If you are building an LLM-backed application in 2026 and you are asking yourself “do I need a memory system,” the right first question is which workload you are building for. The following heuristic covers the common cases without pretending to cover all of them.
Session memory only. If your workload is one conversation at a time, no cross-session continuity, use layer 2. Resubmit the transcript. Trim oldest turns when you hit the context budget. Do not build anything fancier until you have evidence it would help.
Cross-session user memory. If your users expect the assistant to remember things about them across sessions, pick between two patterns. Opaque-vector (ChatGPT-style) if your users are consumer-shaped and will not curate; markdown-file (Claude-style) if your users are developer-shaped and want to see and edit what is remembered. If you are building against a vendor API, use the vendor’s feature. If you are building against a local model, a markdown-file pattern is easier to debug and cheaper to run than a vector store.
Bounded reference corpus. If the memory is a fixed document or set of documents (a legal contract, a product manual, a user’s project), use long context with explicit caching when the provider supports it. For providers without caching, chunk and retrieve. Do not build a custom “memory system” for this; it is RAG over a document, not memory.
Autonomous agent with long-running state. Use the scratchpad pattern (MemGPT / Letta / A-MEM / Mem0). Automatic user-memory features do not fit here because you want the model to be deliberate about what it remembers, and you want the memory schema to be inspectable for debugging.
Mixed. Most real production systems are mixed. That is fine. The rule is that each memory source has a named layer, a named owner, and a named injection point in the prompt. If you cannot sketch that on a napkin, you have not designed the memory system yet; you have accumulated one.
Run the paper task through this heuristic once, as practice. One session reading one paper: layer 2, resubmit. Multiple sessions on the same paper over a week, where you want the assistant to remember which sections you flagged: long context plus caching beats a custom memory system. An agent reading fifty papers for a literature review and comparing methodologies across them: the scratchpad pattern earns its keep. Same verb (“summarize the paper”), three different memory architectures, picked by cardinality and access shape.
14.8 Why this chapter closes Part III
Part III has walked the operator’s augmentation stack: retrieval in Chapter 10, chunking in Chapter 11, tool use and MCP in Chapter 12, orchestration in Chapter 13, and now memory. The chapters cover different surfaces of the same underlying pattern. The model is a stateless function. Everything useful we do on top of it is a way of deciding which tokens land in the next forward pass. Retrieval chooses which documents. Chunking chooses how documents are sliced. Tool use extends the context with function outputs. Orchestration decides when and how to call the model at all. Memory decides which pieces of the user’s history come back on a later call.
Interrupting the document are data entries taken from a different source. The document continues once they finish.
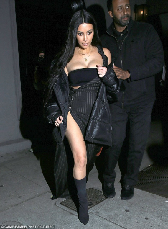 Красуня прийшла у ресторан у відвертому вбранні. Зірка приміряла дуже вузький топ та спідницю з високим розрізом.
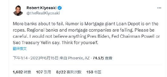 他写道:“更多银行即将倒闭。有传言说抵押贷款巨头Loan Depot即将破产。地区性银行和抵押贷款公司正在坠落。请小心。我不会相信拜登总统、美联储主席鲍威尔或财政部长耶伦所说的任何话。要独立思考。”
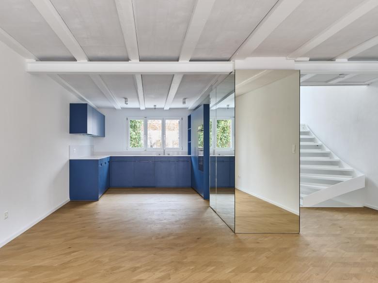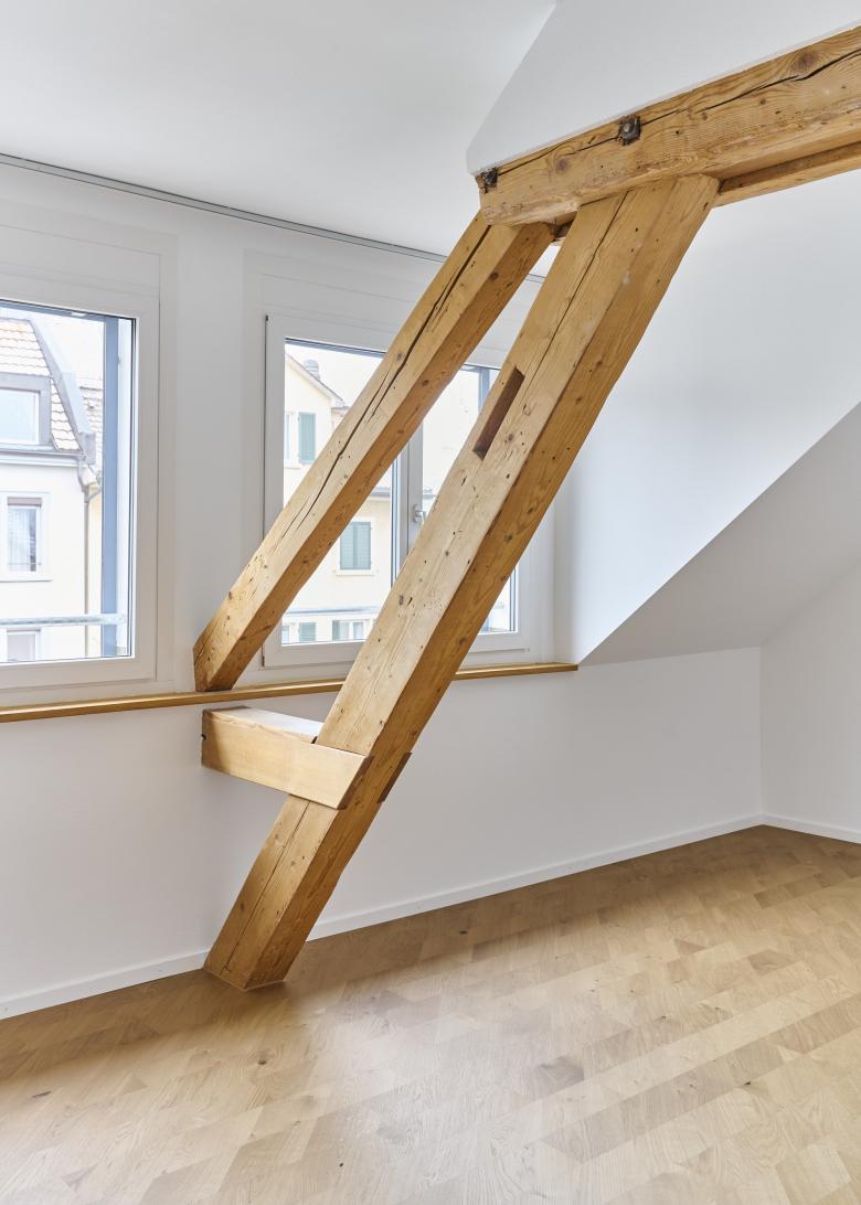 Zunächst wurde die bauliche Substanz gründlich ertüchtigt. Wegen des setzungsempfindlichen Uetliberglehms unter dem Gebäude musste die Fundation mit Mikropfählen verstärkt werden. Auch die Holzbalkendecken im Innern wurden erneuert und statisch verstärkt, um heutigen Anforderungen gerecht zu werden. Eine neue, filigrane Stahltreppe verbindet nun alle Geschosse und ersetzt das alte Treppenhaus durch eine leichte, offene Konstruktion.
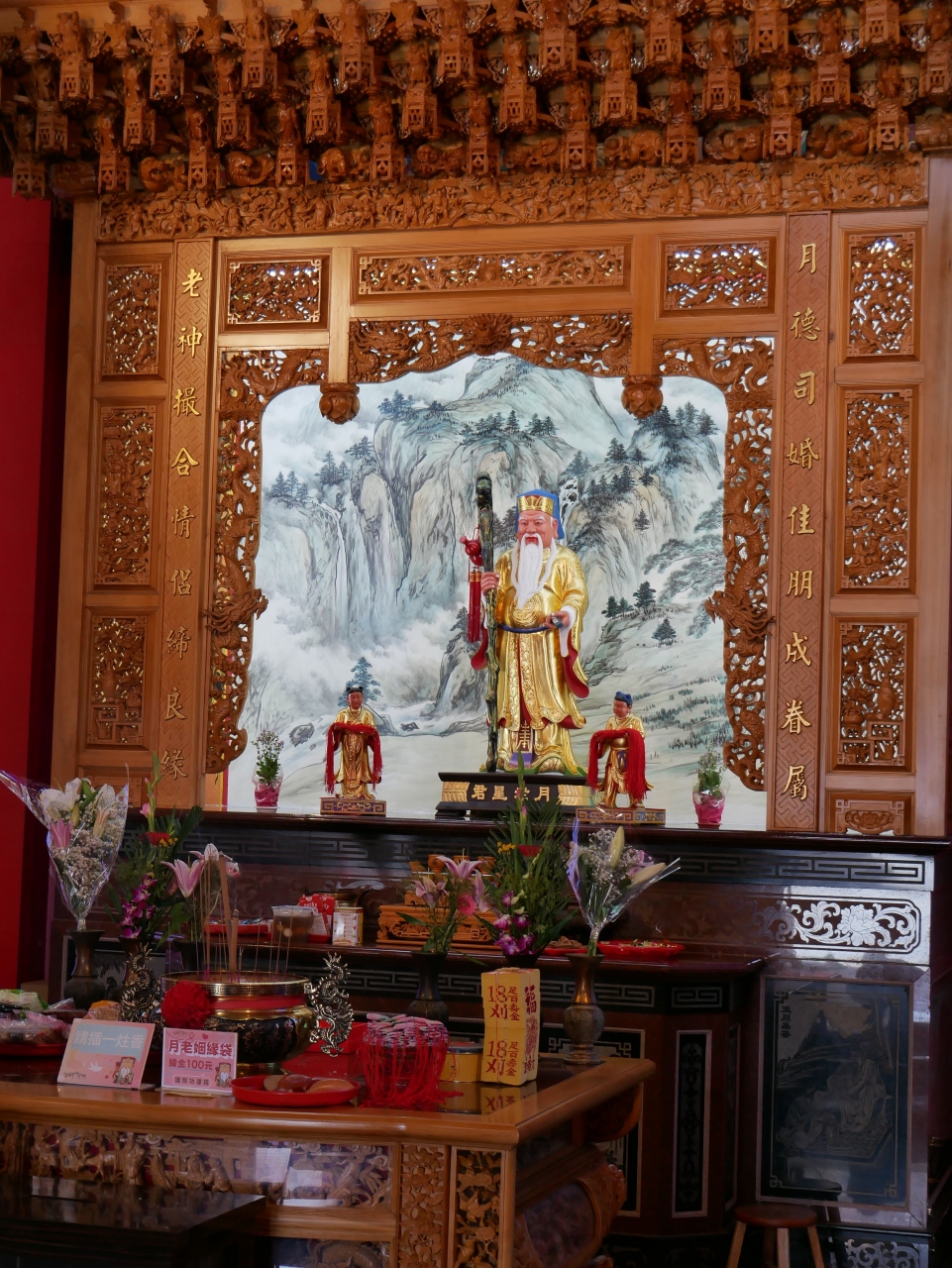 あと、お約束の月下老人もいて、おかげさまで結ばれましたみたいな写真がたくさん飾られていました。
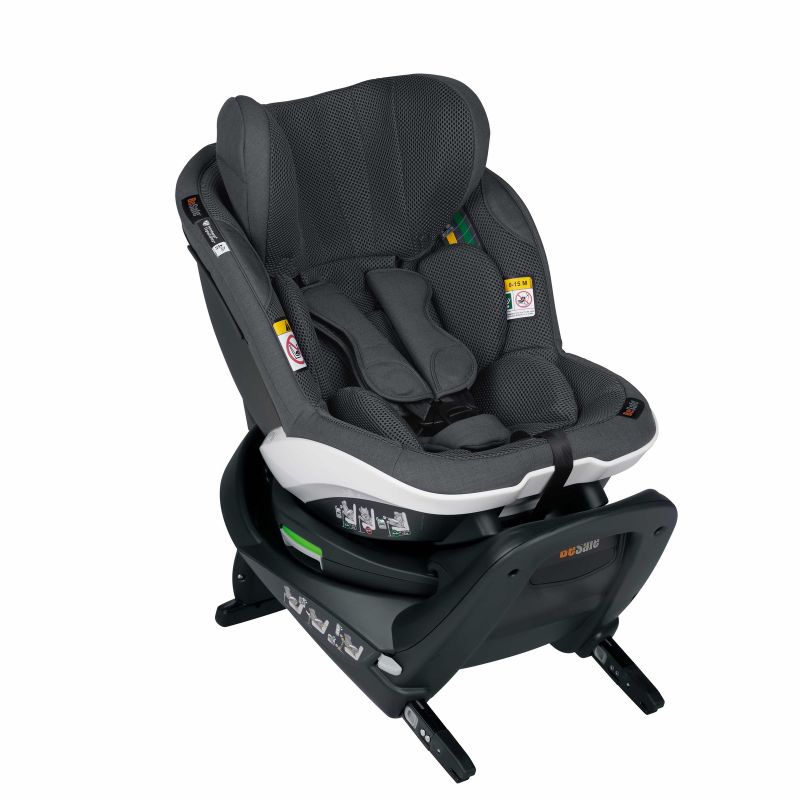 La BeSafe iZi Turn M i-Size es la silla de coche giratoria 360° de la gama BeSafe para la etapa de 61 a 105 cm (aproximadamente desde los 6 meses hasta los 4 años, hasta 18 kg). Permite instalar al niño a contramarcha durante todo el periodo de uso (lo más seguro) pero también ofrece la posibilidad de ponerlo a favor de la marcha desde los 88 cm o desde los 15 meses cuando la familia lo prefiera — algo que la hermana Twist M no permite. La rotación completa de 360° hace que meter y sacar al niño del coche sea mucho más cómodo, especialmente si lo haces varias veces al día en trayectos cortos.
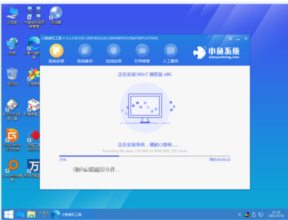6、進入PE系統界面之后,等待小魚軟件自動給電腦安裝win7。
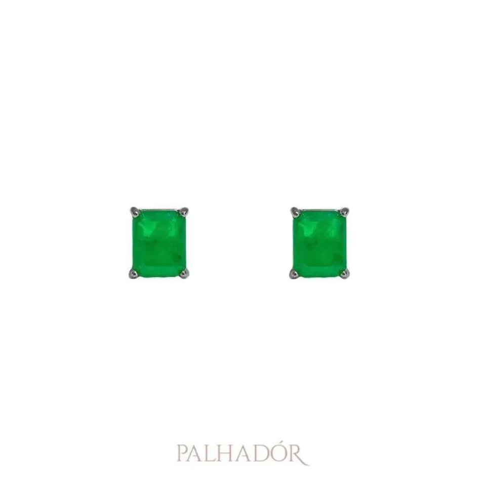 Brinco Retangulo Fusion Esmeralda Ródio Branco G

Seen this way, memory is not a separate problem from retrieval, tool use, and orchestration. It is the same family of operation applied to a different substance: the user’s own past. ChatGPT memory is a retrieval pipeline over a user-specific store. Claude memory is a file-reading tool the model invokes at session start. Gemini caching is a serving-system optimization dressed as a product. Scratchpad memory is tool use with a conventional schema. MCP memory is tool use over a standardized transport. In every case the mechanism underneath is one of the four we have already built. Different substances, one family of operation.
That is the payoff for walking Part III in this order. By the time you reach memory, you have all the parts. The job here was to make visible that memory in the 2026 product landscape is not a new thing. It is a specific arrangement of existing things, and the vendor divergence reflects different bets about how to arrange them.